*** Opening of Data for this exercise ***
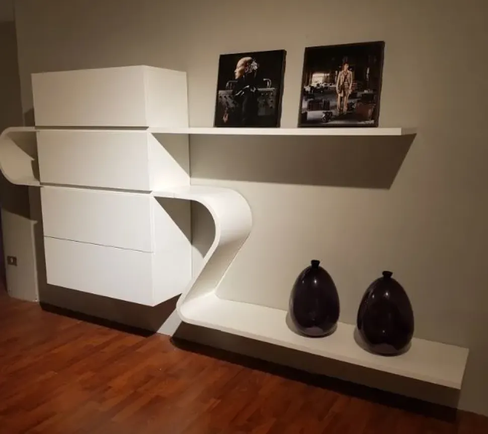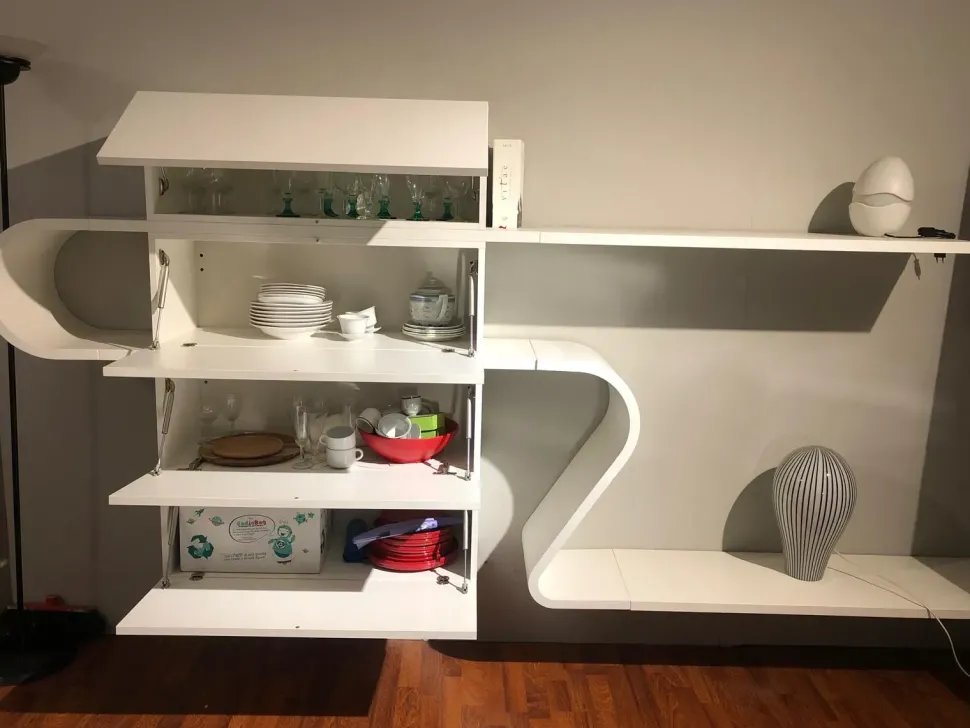 in pronta consegna visionabile presso il nostro show room parete giorno modello Wave finitura laccato bianco opaco con ante a ribalta
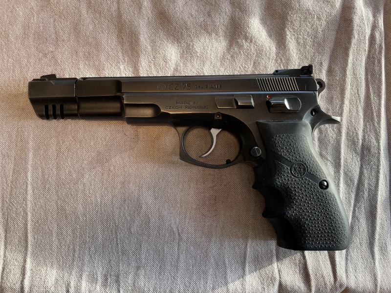 Ich biete an im Auftrag eine Sportpistole CZ 75 Sport im Kal. 9mm Para. Die Waffe ist nummerngleich direkt vom Hersteller, wie sie seinerzeit über Frankonia vertrieben wurde (s. Bildmaterial), keine zusammengebastelte Version. Kommt aus erster Hand, ist sehr gut gepflegt. Mit dabei sind zwei Magazine. Sie verfügt über einen Trigger-Stopp und einen überarbeiteten DA/SA Abzug. Im DA Modus läuft der Abzug weich und ohne Kratzen, im SA Modus steht er trocken und bricht klar und kommt einem SAO sehr nah. Wenngleich von dieser Variante kaum noch gesprochen wird und sie kaum noch angeboten wird, handelt es sich um ein echtes Sportgerät, das Vorgängermodell der aktuell sehr beliebten CZ 75 Sport 2. Diese Waffe habe ich vor langer Zeit (gute 12 Jahre her, seitdem im Tresor eingelagert) einige Male selbst geschossen. Die Präzision war/ist super. Im Einsatz war sie tatsächlich eher selten. Der Erstbesitzer hatte andere Schwerpunkte. In einer anderen Auktion biete ich aus dem gleichen Nachlass auch ein kurzes 9mm System für die CZ. Verkauf erfolgt nur an Erwerbsberechtigte (z.B. WBK grün mit Voreintrag oder Handelslizenz). Der Verkauf erfolgt von privat, ohne Gewährleistung, Garantie, Umtauschrecht oder Ähnliches. Nachverhandlungen sind ausgeschlossen. Abholung vor Ort ist nach Vereinbarung möglich. Der Versand erfolgt nach Überprüfung der Unterlagen durch die Behörde. Kein Export ins Ausland!
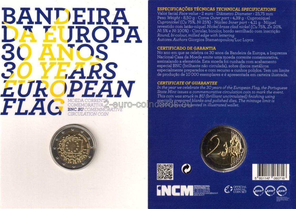 Štvrtá jednotná numizmatická séria je venovaná Európskej vlajke ktorá symbolizuje Európsku úniu a v širšom zmysle aj identitu a jednotu Európy. Má obdĺžnikový tvar s pomerom 2:3. Na modrom pozadí je 12 zlatých päťcípych hviezdičiek, ktoré sa podobajú číslam na ciferníku hodín. Počet hviezd nemá nič spoločné s počtom členských krajín, kruh je symbolom jednoty. Číslo 12 je tradične symbolom dokonalosti, úplnosti a jednoty. Ich počet zostáva rovnaký bez ohľadu na rozšírenie EÚ. Rada Európy podporila myšlienku, že vlajka, ktorú prijala, reprezentuje Európu ako celok, a preto vyzvala ostatné európske organizácie, aby prijali túto vlajku za svoj vlastný symbol. V roku 1983, keď sa v Miláne stretli hlavy štátov a vlád Európskych spoločenstiev, Európsky parlament uznal vlajku Rady Európy za symbol Európskych spoločenstiev. S formálnym súhlasom Rady Európy bola európska vlajka prvýkrát vztýčená 29. mája 1986 pred sídlom Európskej komisie za zvukov európskej hymny. So vznikom Európskej únie sa táto vlajka stala aj jej vlajkou. Na oslavu tridsiateho výročia vlajky EÚ ministri financií eurozóny rozhodli, že členské štáty eurozóny by mali vydať pamätné mince v hodnote 2 EUR s použitím spoločného motívu na národnej strane. Víťazný návrh vybrali občania a obyvatelia eurozóny vo verejnom internetovom hlasovaní. Mali na výber z piatich návrhov, ktoré boli vopred vybrané odbornou porotou na základe súťaže návrhov európskych mincovní, a vybrali motív, ktorý vytvoril pán Georgios Stamatopoulos, profesionálny návrhár banky Bank of Greece.
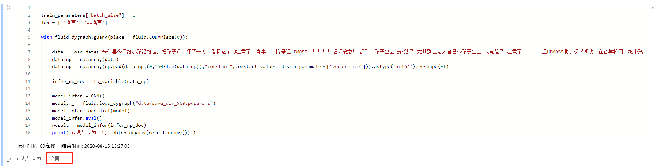 结果还可以,这里说明的是,刚开始我们的模型训练评估不可能这么好,可能存在过拟合或者欠拟合的问题,不过更常见的是过拟合,这就需要我们调整我们的epoch、batchsize、激活函数的选择以及优化器、学习率等各种参数,通过不断的调试、训练最好可以得到不错的结果,但是,如果还要更好的模型效果,其实可以将CNN换为更为合适的RNN、LSTM以及bi-LSTM模型会好很多,我们下篇文章在为大家介绍。最后就是我们的模型的预测。
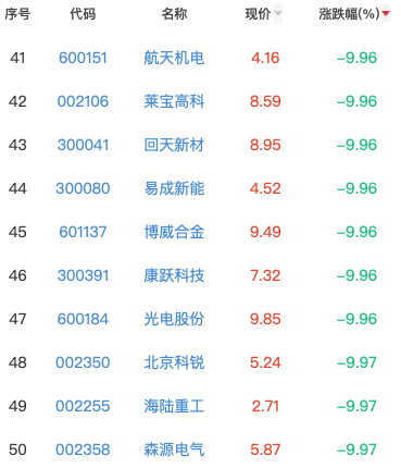 光伏概念股同样难以幸免。同花顺财经数据显示,光伏板块下跌9.7%,146只光伏概念股全线下跌,141只股票跌停,最小跌幅为隆基股份,下跌3.62%。
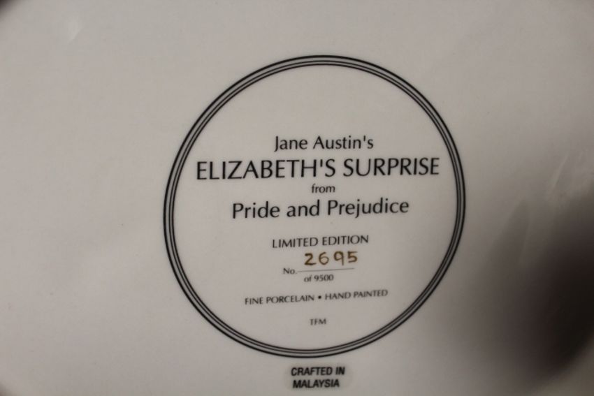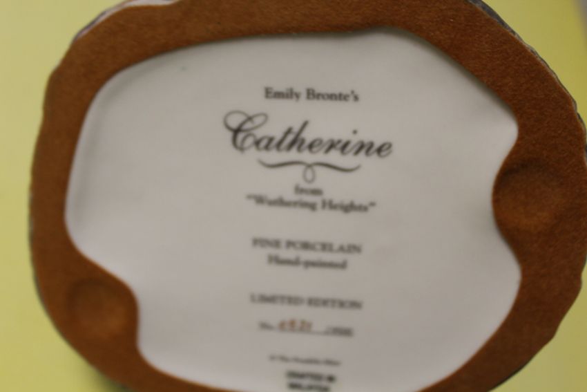 A PAIR OF FRANKLIN MINT PORCELAIN FIGURES ELIZABETH SURPISE FROM PRIDE AND PREJUDICE TOGETHER WITH CATHERINE FROM WUTHERING HEIGHTS
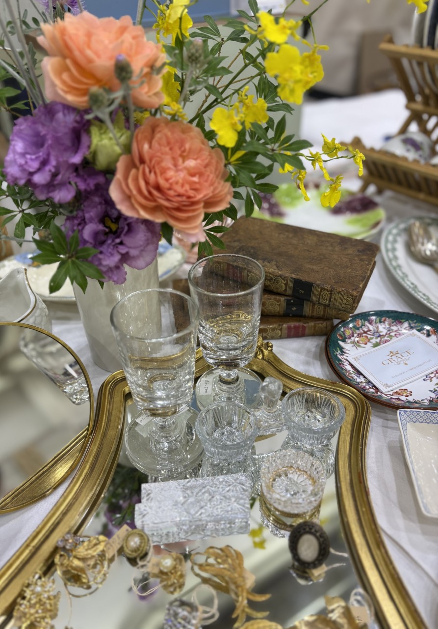 TOP 店舗一覧 GRÂCE 009 GRÂCE 雑貨・家具・食器 4/17(金)4/18(土)4/19(日) 1900年前後~1920年頃。フランス・バドンヴィレ窯によるプレート。シリーズ名「CHAMPAGNE」は葡萄と蔓の文様に由来し、収穫や祝祭を思わせる装飾です。単色グリーンの落ち着いた色合いと余白のある構成が、アンティークの魅力をさりげなく引き立てます。 1856〜1859年頃。 Fismes Vernon Pères, Fils et Co による、サルグミンヌ窯の「ミントン・サルグミンヌ」シリーズへとつながる源流の意匠をもつカップ&ソーサー。19世紀半ば、約10年という短い期間のみ活動した窯の作品で、後年のサルグミンヌに受け継がれるデザインの出発点を実物で味わえる、非常に希少な一点です。 フランスを中心に、店主がヨーロッパ各国(イギリス、ベルギー、オランダ)で買い付けてきた、心ときめくアンティーク食器、雑貨を取り扱っています。是非、手に取ってご覧ください。 grace_bonheure 決済方法:現金,クレジットカード,PayPay,その他電子マネー決済 grace_bonheure 決済方法:現金,クレジットカード,PayPay,その他電子マネー決済 前のページに戻る
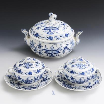 Onion pattern tureen and 2 -soup cups with saucers. Meissen.
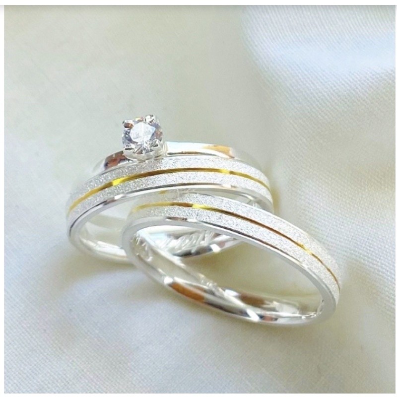 Par de alianças prata 950 friso banhado a ouro18k minimalista casal 3mm com anel prata 925 solitário
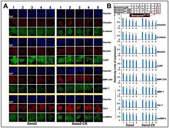 Based on previous reports [25,26,27,28] showing that MortaparibMild has lower cytotoxicity compared to the other two Mortaparibs, as well as current findings demonstrating its effect on p53-null cells and its significant anti-migration activity at low non-toxic concentrations, we hypothesize that a combination of the three Mortaparibs may provide improved anti-proliferative and anti-migration effects. Such specific combinations may be used to inhibit cancer progression and metastasis, respectively. Various combinations with different ratios of the three Mortaparibs were generated and evaluated for cytotoxicity by MTT assay. At the same time, we also generated cisplatin resistance derivatives of Saos2 cells (Saos2-CR) and examined their response to the Mortaparibs and their mixers. As presented in Supplementary Figure S4A, these derivative cells showed about 20% resistance to cisplatin. However, they responded to the three Mortaparibs almost similarly to the control cells (Figure 5B), also endorsed by the Cyclin D1 and C-Myc immunostaining of control and Mortaparib-treated Saos2 and Saos2-CR cells. As shown in Supplementary Figure S4B, both cells showed equivalent decreases in Cyclin D1 and C-Myc proteins. Based on the MTT-based viability assay of cells treated with either the individual Mortaparibs or their combinations, we identified an anti-proliferative (cytotoxic) combination (#14; called MortaparibMix-AP containing 2 μM Mortaparib–0.5 μM MortaparibPlus–10 μM MortaparibMild) (Figure 5B). The MortaparibMix-AP combination showed a synergetic cytotoxic effect as determined by Chou–Talalay’s combination index (CI = 0.81 for Saos2 and 0.74 for Saos2-CR cells). Furthermore, based on our earlier studies and the anti-migration data of MortaparibMild, as shown in Figure 4, we generated a low-dose non-toxic combination (#5; called MortaparibMix-AM containing 0.1 μM Mortaparib–0.1 μM MortaparibPlus–5 μM MortaparibMild) that did not show any cytotoxicity to either Saos2 or Saos2-CR (Figure 5C) and examined its effect on the cell migration and invasion capability of these cells. As shown in Figure 5D,E, the MortaparibMix-AM combination showed a stronger inhibition (as compared to each of the Mortaparibs) of migration and invasion both in Saos2 and Saos2-CR cells; the CI for invasion was 0.29 and 0.34, respectively. Molecular analyses of the markers involved in migration and invasion (vimentin, β-catenin, mortalin, MMP3/10, MMP7, Clic-1, and hnRNP-k) indeed revealed a significantly higher decrease in cells treated with MortaparibMix-AM as compared to the ones treated with each of the Mortaparibs individually (Figure 6A,B). Of note, the Saos2-CR cells showed an equivalent response.
*** Close of Data for this exercise ***
* [Task details]:
Pictures excluded, copy the lines exactly from where the material starts to the line with "Ich biete an", inclusive.

* [Response to the exercise]:
 in pronta consegna visionabile presso il nostro show room parete giorno modello Wave finitura laccato bianco opaco con ante a ribalta
 Ich biete an im Auftrag eine Sportpistole CZ 75 Sport im Kal. 9mm Para. Die Waffe ist nummerngleich direkt vom Hersteller, wie sie seinerzeit über Frankonia vertrieben wurde (s. Bildmaterial), keine zusammengebastelte Version. Kommt aus erster Hand, ist sehr gut gepflegt. Mit dabei sind zwei Magazine. Sie verfügt über einen Trigger-Stopp und einen überarbeiteten DA/SA Abzug. Im DA Modus läuft der Abzug weich und ohne Kratzen, im SA Modus steht er trocken und bricht klar und kommt einem SAO sehr nah. Wenngleich von dieser Variante kaum noch gesprochen wird und sie kaum noch angeboten wird, handelt es sich um ein echtes Sportgerät, das Vorgängermodell der aktuell sehr beliebten CZ 75 Sport 2. Diese Waffe habe ich vor langer Zeit (gute 12 Jahre her, seitdem im Tresor eingelagert) einige Male selbst geschossen. Die Präzision war/ist super. Im Einsatz war sie tatsächlich eher selten. Der Erstbesitzer hatte andere Schwerpunkte. In einer anderen Auktion biete ich aus dem gleichen Nachlass auch ein kurzes 9mm System für die CZ. Verkauf erfolgt nur an Erwerbsberechtigte (z.B. WBK grün mit Voreintrag oder Handelslizenz). Der Verkauf erfolgt von privat, ohne Gewährleistung, Garantie, Umtauschrecht oder Ähnliches. Nachverhandlungen sind ausgeschlossen. Abholung vor Ort ist nach Vereinbarung möglich. Der Versand erfolgt nach Überprüfung der Unterlagen durch die Behörde. Kein Export ins Ausland!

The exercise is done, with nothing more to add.